Newson, though, did have his connections to the city. He tells me about his uncle, a lawyer, 13 years older and gay, who lives in New York and whom he would visit. “I went to see him in 1994. I was 15. My parents imagined me touring museums, but my uncle gave me a MetroCard and said, ‘Meet me for dinner.’ I got a great welcome in New York, starting with the flight attendant who sent me off with a beer and said, ‘Have fun!’ ”

Newson started writing for TV in 2008 but says he always wanted to write fiction. “I had some false starts, books that didn’t work out, that I never finished,” he recalls. “It was the pandemic that made it finally happen. Lockdown meant I could control my time. And I was always fascinated with the time of AIDS in New York and all the political movements.”

He had a literary agent before McCarthy, but Newson says the agent’s response when he received the manuscript for My Government was a clear no. That was when Newson decided he was done with novels; he had his TV career and that was it for him. “My husband calmed me down and put together a list of agents,” he says, noting that he kind of sent out the manuscript to show his husband the novel didn’t work. “But then Jim wrote back, and when he sent it out and Nadxi got back immediately and we had a deal... Well, it all happened. ‘This is going to spoil you,’ Jim said.”

Nadxi and Rasheed did a few rounds of edits over eight months. “It was interesting,” he says. “She would send notes and say, ‘See what you think and get back to me.’ In TV, they send you notes and say, ‘Tomorrow!’ ”

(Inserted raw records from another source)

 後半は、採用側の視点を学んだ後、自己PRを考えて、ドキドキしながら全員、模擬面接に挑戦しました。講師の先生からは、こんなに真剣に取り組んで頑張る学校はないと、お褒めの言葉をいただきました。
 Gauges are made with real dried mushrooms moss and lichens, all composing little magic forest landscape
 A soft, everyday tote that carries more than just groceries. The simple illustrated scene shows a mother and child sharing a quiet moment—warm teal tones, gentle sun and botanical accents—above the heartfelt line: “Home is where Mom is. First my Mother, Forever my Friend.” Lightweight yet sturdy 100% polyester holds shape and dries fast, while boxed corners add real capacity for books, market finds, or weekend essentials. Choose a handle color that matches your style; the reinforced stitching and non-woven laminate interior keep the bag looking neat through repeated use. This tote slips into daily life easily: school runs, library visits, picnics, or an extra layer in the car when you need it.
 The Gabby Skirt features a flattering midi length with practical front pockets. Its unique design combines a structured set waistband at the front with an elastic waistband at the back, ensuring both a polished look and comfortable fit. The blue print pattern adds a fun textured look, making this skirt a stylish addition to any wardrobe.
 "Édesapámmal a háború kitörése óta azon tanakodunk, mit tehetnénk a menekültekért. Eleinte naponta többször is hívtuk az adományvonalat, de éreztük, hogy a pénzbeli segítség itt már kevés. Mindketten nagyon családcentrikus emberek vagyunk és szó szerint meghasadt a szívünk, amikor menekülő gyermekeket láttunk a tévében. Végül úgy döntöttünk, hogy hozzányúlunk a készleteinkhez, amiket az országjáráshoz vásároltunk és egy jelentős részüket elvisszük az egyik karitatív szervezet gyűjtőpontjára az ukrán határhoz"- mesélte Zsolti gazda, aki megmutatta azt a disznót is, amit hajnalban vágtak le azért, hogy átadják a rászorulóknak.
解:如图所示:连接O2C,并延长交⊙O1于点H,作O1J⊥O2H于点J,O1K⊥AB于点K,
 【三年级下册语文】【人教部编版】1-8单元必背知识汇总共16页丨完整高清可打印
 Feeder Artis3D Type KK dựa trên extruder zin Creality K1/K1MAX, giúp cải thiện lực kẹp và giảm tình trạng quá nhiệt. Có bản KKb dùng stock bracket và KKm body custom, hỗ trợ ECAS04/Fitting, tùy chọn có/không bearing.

Nieto says she found working with Rasheed “a pleasurable experience. I’d never worked with a screenwriter before. It’s a different muscle. Roll up your sleeves and get it done. We met every two weeks and it was sweaty, fun, sexy. I fell in love with the character Trey and would follow him anywhere. He’s engaging, compelling, the kind of friend you always have a good day with. This story felt new to me. It’s character driven, coming-of-age. While there was so much suffering during these years, there was also so much life and vibrancy and Rasheed has captured both. The time defined an idea of family and community. Trey leaves his wealthy family in Indianapolis and is trying to figure out family and community. We see New York through Trey’s eyes; we learn alongside him: his experiences in the bathhouses, his first protest, his becoming political. The book is fast-paced and presents a time in history that’s underrepresented in fiction.”

Nieto has high hopes for the book, believing it will attract 20-year-olds figuring out their place in the world and also people who want to remember New York in that period. And there’s her personal connection to the story: “I grew up over the Two Potato [described in the New York Times as a “dingy gay bar”]; the Pride parade ended in front of my house.”

But best of all is her final comment: “My sister and I wanted to be drag queens when we grew up!”

I tell her I get it. I was there, too.